WO2000073350A2

WO2000073350A2 - Method of producing powdered hydroxyalkyl starch ethers for use as spray adjuvant

Info

Publication number: WO2000073350A2
Application number: PCT/DE2000/001518
Authority: WO
Inventors: Michael Meerbote; Holger Mosinski; Ursula Decker
Original assignee: Buna Sow Leuna Olefinverbund Gmbh
Priority date: 1999-05-29
Filing date: 2000-05-13
Publication date: 2000-12-07
Also published as: WO2000073350A3; DE19924773A1

Abstract

The invention relates to a method of producing powdered hydroxyalkyl starch ethers with hydroxyl numbers of between 350 and 600 and molar substitution rates of 1 to 2, by alkoxylation of alkalized carbohydrates with a propylene-ethylene oxide mixture. The products prepared according to said method are especially suitable for use as spray adjuvants. The above method is carried out in the presence of preferably alkaline catalysts. The total quantity of a C3-/C4-alkylene oxide component, preferably propylene oxide, required for reaction with the starch is reacted together with between 10 and 60 % by weight, in relation to the total alkene oxide quantity, ethylene oxide at temperatures of between 40 and 80 °C.

Description

Process for the preparation of powdered hydroxyalkyl starch ethers for use as spraying aids

The present invention relates to a process for the preparation of powdery hydroxyalkyl starch ethers with OH numbers between 350 to 600 and molar degrees of substitution of MS = 1 to 2 by alkoxylation of alkalized carbohydrates with a propylene / ethylene oxide mixture. The products produced according to the invention are particularly suitable for applications as spray aids, also in combination with other customary spray aid additives, in the processing of aqueous polymer dispersions, prepared on the basis of various vinyl esters, their mixtures and combinations with other monomers, in particular with alkanes.
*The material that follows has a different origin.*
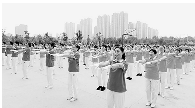
启动仪式上举行第三套有氧健身操集中展示。

本报讯(记者 孙志刚 通讯员 方亚瑞 文/图)日前,中原区科协、区教体局、区科技局、区工信委联合开展了以“万众创新,拥抱智慧生活”为主题的“中原区2015年全国科普日”启动仪式。 本届科普日活动,突出三个重点:一是创新引领新常态。重点宣传我国经济从高速增长转向中高速增长,进入新常态,大众创业、万众创新是中国新的发展动力。二是创新成就我梦想。通过广泛开展公众参与的创新科普

Processes for the preparation of hydroxyalkyl starches have been known for a long time. They are described, for example, in R.L Whistler, Methodes in Carbohydrate Chemistry, Academic Press, New York and London, Vol. IV, pages 304 to 312 (964); in Anon, Starch Prod. Technol. Pages 481 to 542 (1976); in O.B. Wurzburg, Modified Starches: Properties and Uses, CRC Press, Boca Raton Florida, pages 89-96 (1986) or in Houben-Weyl, Methods of Organic Chemistry, T.lll, 4th edition, page 2138 ff .

The propoxylation can be carried out in a 40-45% aqueous alkaline suspension (for example US Pat. No. 1,876,920, US Pat. No. 2,516,634, US Pat. No. 3,033,853). To prevent the starch gelatinization, sodium sulfate or sodium chloride (US Pat. No. 2,516,634, US Pat. No. 3,378,546, US Pat. No. 3,422,088, US Pat. No. 3,577,407, EP 0 313 298) are usually added or it is added as in DE 2 109 015, worked with a separate upstream catalytic activation of the starch in the presence of sodium chloride.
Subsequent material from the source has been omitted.